Today has been NUTS. Instead of doing what I planned to do, from sun up to sun down I was poring through documents to find evidence because it turns out the deadline is moved up by a week... and my lawyer didn't see this stuff... so now its a freaking marathon tonight and tomorrow until food is on the table and the baby's in bed.
THANKYOU everyone for the tips on heating the turkey, because I don't have a nano second to spare.

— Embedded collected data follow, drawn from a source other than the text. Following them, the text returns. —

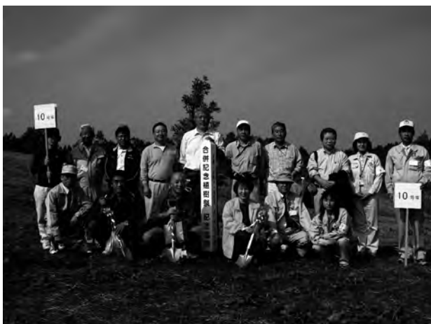
野津原町今市での合併記念植樹祭にて

日本も世界も何か得体の知れない不安感の漂う雰囲気をもっています。地域住民が共同体としての連帯感、心のつながり感を強固にしていくことこそが、その悪魔のような不安感を拭い去る唯一の、そして最も確実な方法だと考えています。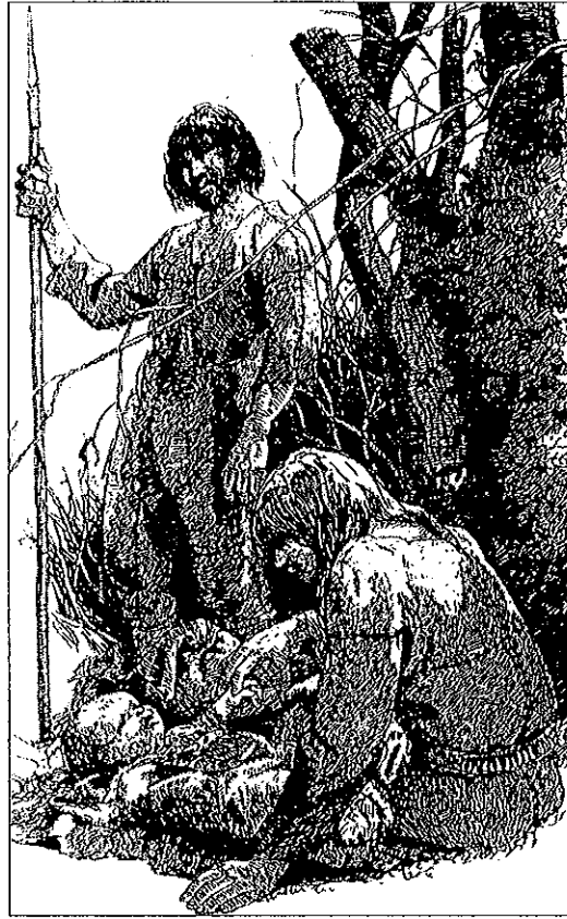
Fig. 4. Kärnfamiljen 1980 (Brinch-Petersen 1980).

kläder är inte denna familj pälsklädd utan bär sydda skinnkläder.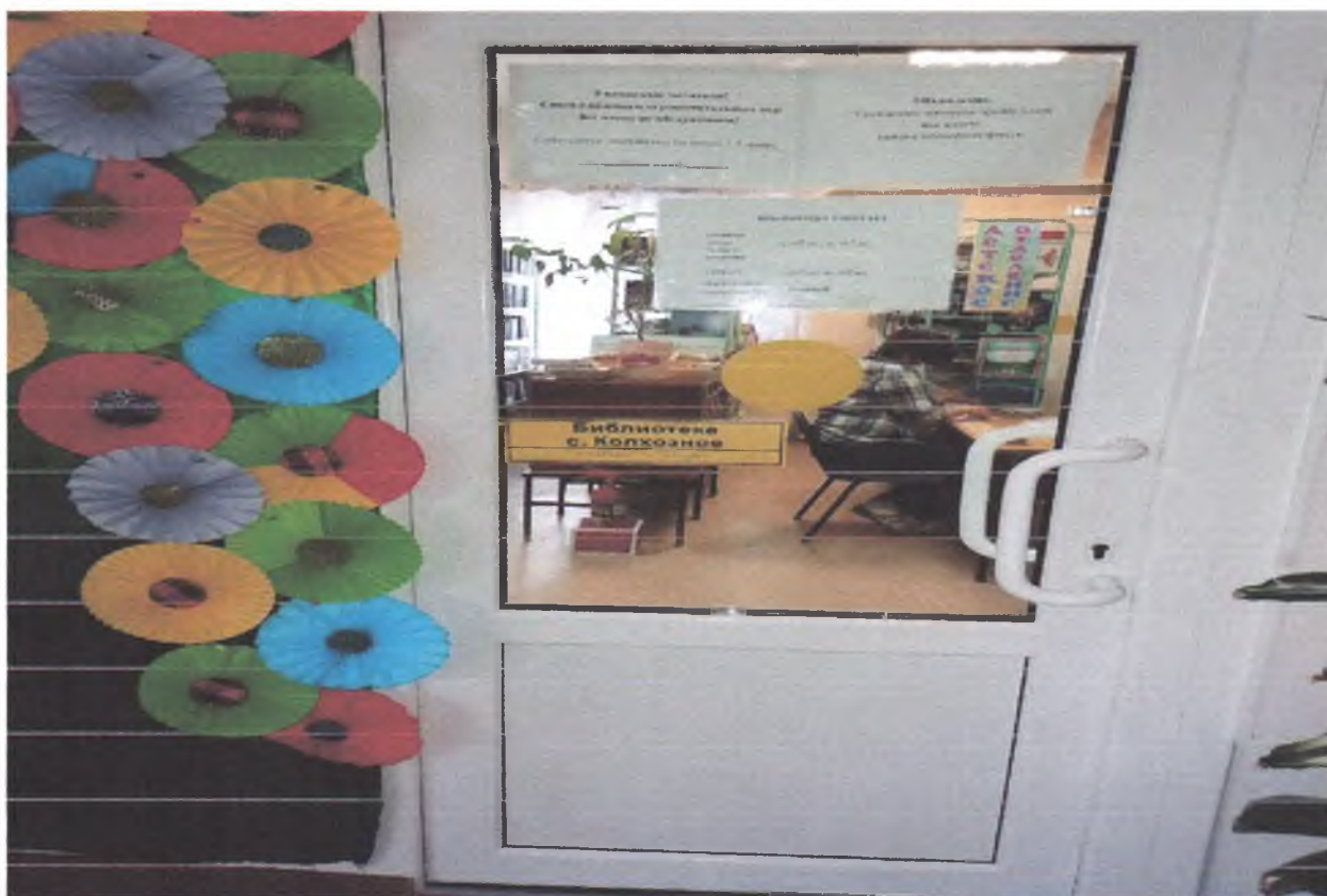
8. Вход в библиотеку.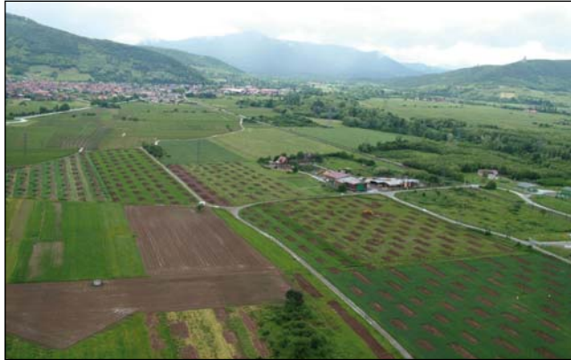
Diagnostic d'archéologie préventive en zone rurale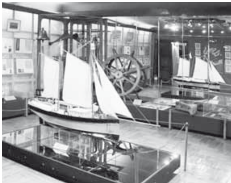
Дом-музей В. А. Русанова в Орле

Его, как и многих русских полярных исследователей интересовал вопрос о проходимости Северного морского пути. И успешно закончив работы на Шпицбергене, Русанов двинулся на восток. Он намеревался обогнуть Новую землю как можно севернее, рассчитывая найти там теплое течение, а значит и свободную от льда воду.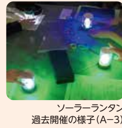
ソーラーランタン 過去開催の様子(A-3)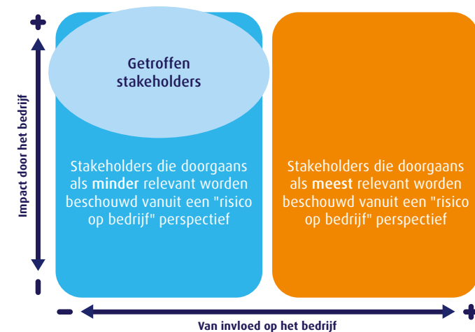
Figuur 1 – Identificeren van stakeholders vanuit verantwoord ondernemen.

Om maatschappelijk verantwoord te ondernemen, is het belangrijk een juist en volledig beeld te hebben van de risico's op negatieve impact op mens, milieu en natuur in jouw waardeketen die zijn toe te schrijven aan jouw bedrijfsvoering. Ook moet je eventuele misstanden voorkomen of aanpakken. Richt je op de personen en groepen op wiens rechten of belangen de activiteiten van je bedrijf een negatieve of positieve impact (kunnen) hebben, oftewel je (potentieel) getroffen stakeholders. Voorbeelden zijn werkenden in je keten en omwonenden rond productielocaties, maar ook 'stakeholders zonder stem' zoals het milieu, de natuur en toekomstige generaties. Meestal zijn deze stakeholders niet tot nauwelijks in de positie om invloed uit te oefenen op jouw bedrijf. Om deze stakeholders te identificeren, is het noodzakelijk inzicht te hebben in jouw waardeketen en te redeneren vanuit risico's op negatieve impact op mens en milieu in plaats van uit de risico's voor jouw bedrijf (zie figuur 1).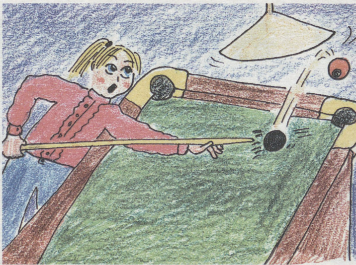
Рисунок Вероники КЛЕМЕНТЬЕВОЙ, 15 лет.

— Мои друзья. Когда я ездила на чемпионат Европы, все смотрели прямой эфир соревнований в Интернете, за меня болели. Тогда я заняла пятое место. Все очень расстроились. Но всё равно они верят в меня. Надеются на то, что в этом году я займу первое место.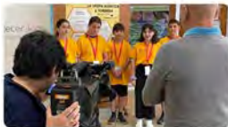
Recerca i Universitats 9:13 · 18 may. 23 · 232 Visualizaciones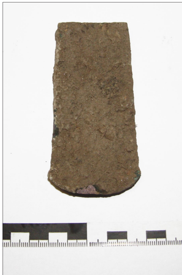
Sl. 3 Sotin Trojstvo, Bakrena sjekira iz SJ 12.

Na položaju Trojstvo prilikom arheoloških istraživanja otkriveni su površinski nalazi ulomaka keramike Belegiš II kulture te spaljene kosti, no nalazi iz kasnoga brončanog doba nisu potvrđeni sondom 1.

TMI- I haven't bathed or eaten or brushed my teeth or changed or anything since yesterday
Kid's in the high chair watching Sesame St as I write this
Gotta eat something, finish kids dinner, bathe him, get on trainer for an hour with him on my back (now the size of a 3 year old), put him to bed, bathe myself wash and dry hair (I know, no sympathy from the chemo gals), pack his gear for tomorrow, pass out
Tomorrow- kid will be up by 7, you know the drill there, breakfast and change clothes and stuff while freshening up, at 9am both the Russian nanny and my friend with a car show up. I leave the kid and nanny and bring the car seat down to my friend's car, install it, go back and get the kid and the nanny and the gear... then my poor friend is going to drive us smack into the Macy's day parade because that's where my Dad's is. My friend made a reservation for a parking space at a parking lot!!!! CAN YOU BELIEVE THAT? OK so everybody and the car seat come out of the car and up to my Dad's apartment. Visit for a couple hours and then we all go to a restaurant for lunch at noon. The restaurant is also smack in the middle of the parade and the parade ends at noon. Meanwhile, that friend is leaving to go join HIS family in Pennsylvania. After lunch, back to my Dad's and another friend is coming with a car from NJ to pick us up. Repeat morning performance, leaving kid and nanny to go install the car seat in second friend's car. Go back to my place, its about 45 minutes by car even though its a mile. Everybody and the car seat out of the car back to my place.
Then I get to make Thanksgiving dinner for my second friend and myself, the nanny will watch the kid until 6pm, then he's gonna watch movies while I pork out on Thanksgiving dinner and pass out on the couch.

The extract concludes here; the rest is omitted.